Conversion

Conversion Improvements: A Primer for Getting Started

The ecommerce business is partly a numbers game. And the object of the game is to increase your sales and profitability. You need to understand how your site’s visitors are converted to buying customers. Not that you need to immerse yourself in the minutiae of data that many web statistics programs produce, but to reach your site’s sales potential, you need to have an understanding of its key numbers and have a simple method for tracking them over time.

Understanding the Numbers

Here are the most important numbers involved in measuring your site’s conversion rate.

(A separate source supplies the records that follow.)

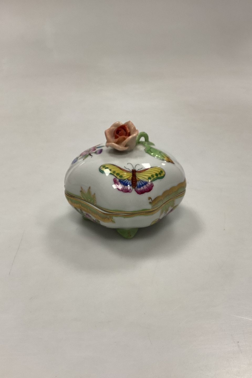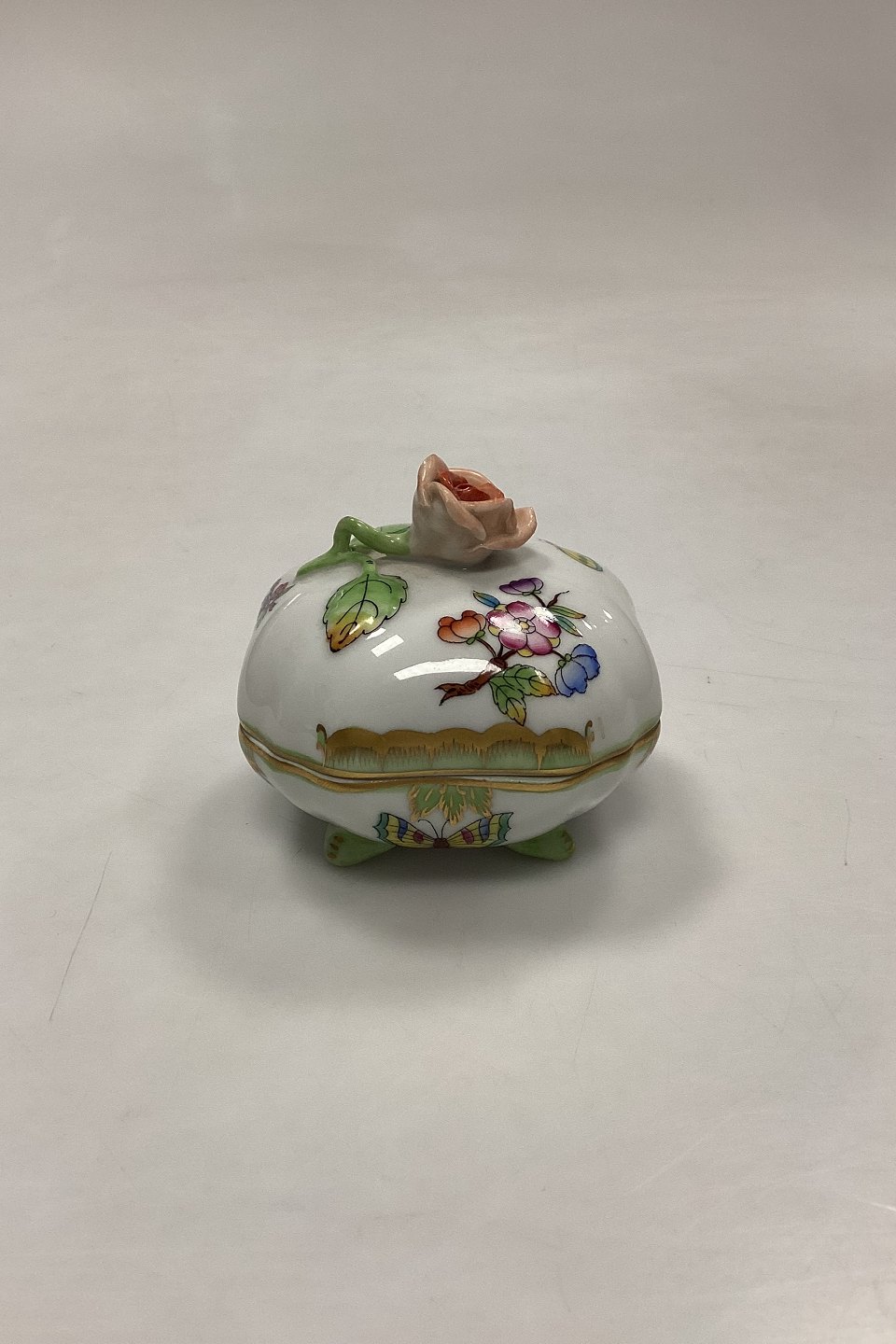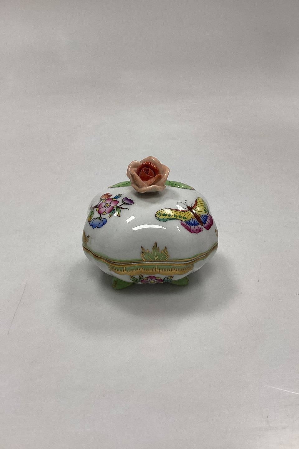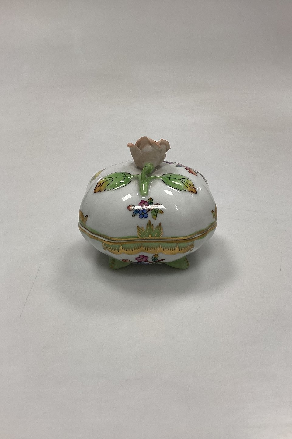 Herend Queen Victoria Green Bonbonniere No. 6179/V80. Measures H 6.5 cm / 2.55 in. with flower, D 7 cm / 2.75 in.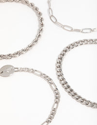 Add some serious style to your collection with this Silver Chain Bracelets Pack. This versatile wristwear set includes four unique silver chain designs, perfect for mixing, matching, or stacking to suit your mood. With their sleek silver finish and timeless appeal, these bracelets are ideal for everyday wear or adding a polished touch to your evening look. Pair them with a casual tee and jeans for effortless cool, or layer them with your favourite bangles for a more statement vibe. Whether you're heading to brunch, a night out, or simply upgrading your jewellery game, these silver bracelets are a must-have accessory that works with everything. Stylish, classic, and endlessly wearable, they'll quickly become your go-to for any occasion!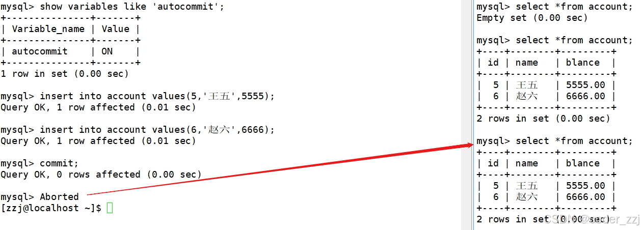 可以看到:两者的结果是完全一样的,说明 autocommit 不起作用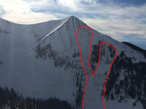 This report is for the slide to the observer's right. Slide on left ran full depth and is detailed in another report. One or the other is likely a sympathetic release. Slides likely ran during the storm on December 25 or during the wind event of Dec 26. Difficult to tell from a distance but slab on right was likely comprised of snow accumulated from several storms between Dec 18-25 running on the old snow surface that existed prior to the storm cycle.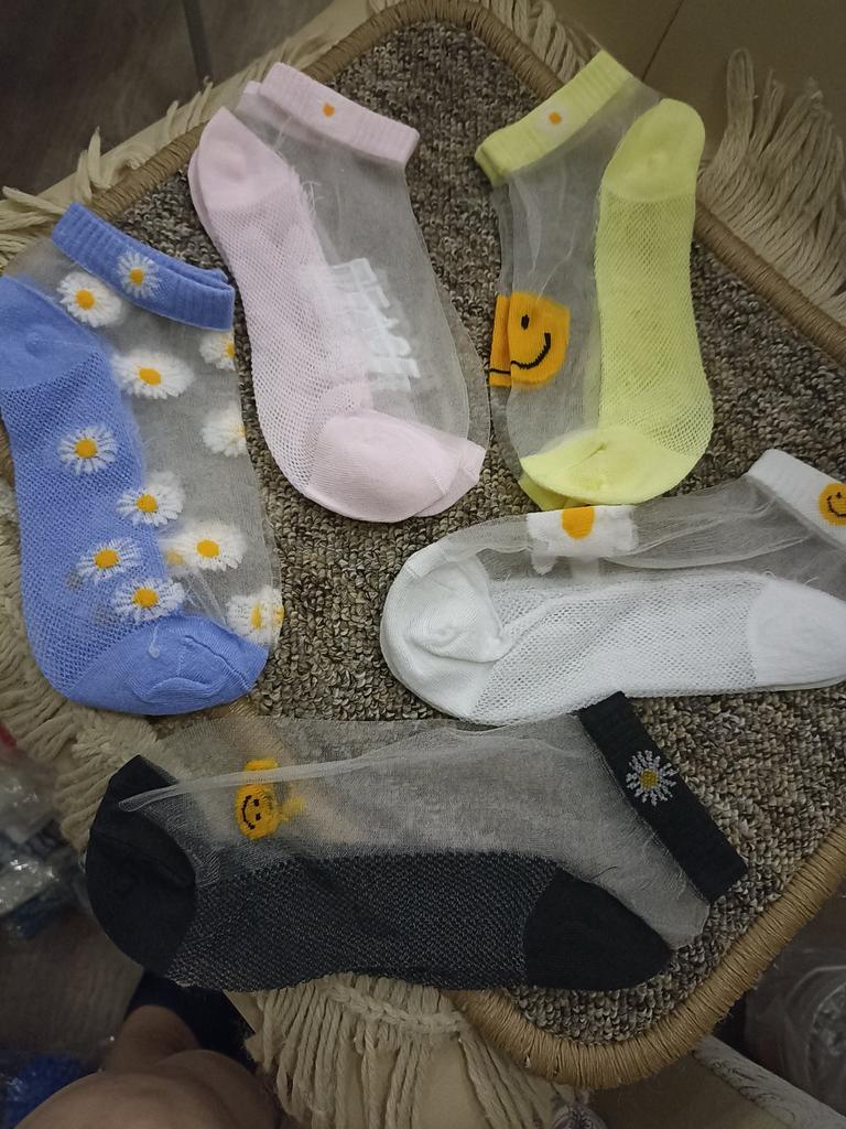 Daisy 5 Pairs of Socks Women's Socks Summer Shallow Mouth Low-top Thin Glass Stockings Summer Transparent Crystal Socks Ins Tide

  • Unique Visitors – This is the number of individual users who visit your site.
  • Number of Transactions – The number of transactions that get placed through your website. (For this exercise, we are going to exclude customers that visit the site but order by phone).
  • Average Order Value – The average dollar amount of all the orders you receive.
  • Total Sales Volume – The total dollar amount of sales.
  • Conversion Rate – The percentage of visitors who come to your site and actually place an order.

Reaching Your Sales Goals

To understand how conversion rates are determined, let’s plug in some numbers and look a little more closely.

Say you had 10,000 unique visitors to your site last month, and out of those 10,000 visitors you received 100 orders. This would be a 1 percent conversion rate.

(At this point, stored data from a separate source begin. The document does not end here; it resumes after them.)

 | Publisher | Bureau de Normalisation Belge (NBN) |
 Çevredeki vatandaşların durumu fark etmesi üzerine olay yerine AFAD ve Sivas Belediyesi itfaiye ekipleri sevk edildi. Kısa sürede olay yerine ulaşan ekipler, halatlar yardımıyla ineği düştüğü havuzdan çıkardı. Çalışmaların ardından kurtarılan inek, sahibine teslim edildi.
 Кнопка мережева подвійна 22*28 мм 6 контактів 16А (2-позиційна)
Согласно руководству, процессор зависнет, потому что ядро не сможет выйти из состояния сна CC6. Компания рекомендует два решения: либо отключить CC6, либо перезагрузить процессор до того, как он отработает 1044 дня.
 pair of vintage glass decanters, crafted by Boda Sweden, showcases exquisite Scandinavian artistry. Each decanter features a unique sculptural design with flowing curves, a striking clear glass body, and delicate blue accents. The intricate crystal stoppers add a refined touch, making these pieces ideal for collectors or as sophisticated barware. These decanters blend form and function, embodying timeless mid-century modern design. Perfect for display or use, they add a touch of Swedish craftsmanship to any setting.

Now, let’s say you have set a gross sales goal of $8,000 a month and your average order size is $75. That means the 100 sales you made last month equal a total sales volume of $7,500, representing a $500 shortfall.

So we now have a goal: To increase your sales volume by $500.

Get in the Game

So what do you need to play the conversion game?

  1. You first need a numbers-tracking tool. If you don’t already have one, a good option is to use Google Analytics. It is full-featured analytics application, and it’s free. Ask your ecommerce provider if your website can be integrated with Google Analytics. If not, perhaps your provider has a package that will produce the numbers you need.
  2. You need to analyze the data. This is where a minimal commitment comes in. We are not talking high-level statistics, but a commitment to evaluate the key numbers on a regular basis. And, as you get a little more experienced, you might want to start digging even more deeply into your data.
  3. You need to take action. All the numbers in the world are useless unless you take action and actually affect your results. This could include, for example:
  • Add/modify pages and adjust the presentation of your website.
  • Commit to a pay-per-click campaign in which you can experiment with different ad copy and target phrases.
  • Execute some level of search optimization to drive more qualified traffic to your website.

Playing the Game

We started out by setting our baseline goal to increase our monthly sales volume by $500 for a given amount of traffic. There are two main methods for hitting your goal. Let’s look at each one and how they work.

  1. Increase the conversion rate so the same number of visitors will result in more orders. This involves assessing your site and shopping experience for usability. Without spending any more money you can likely increase conversions by honing your message, making sure your site follows best practices for web usability, and determining how your site stacks up against your competition.
  2. Encourage customers to purchase more on each visit, so the average order size grows, even if the other numbers are static. There are many tactics you can use to build your average order size. Do you offer quantity discounts? Free shipping over a certain order size? Do you suggest products on your site to encourage customers to purchase multiple items, such as by deploying a cross-selling feature?

And the Winner Is. . .

Upping your conversion rate takes patience. You will implement changes, watch your statistics, analyze the results, and take new actions, and these processes take time. Give yourself three to six months to evaluate the changes you’ve made. You can shorten this evaluation time by using pay-per-click advertising campaigns if you have the additional budget.

As you gain experience, you can drill down more deeply into your statistics to start to understand the behavior of your customers and take a more sophisticated approach to analyzing your data. But, if you haven’t yet started to play the conversion game, the best time to start is right now.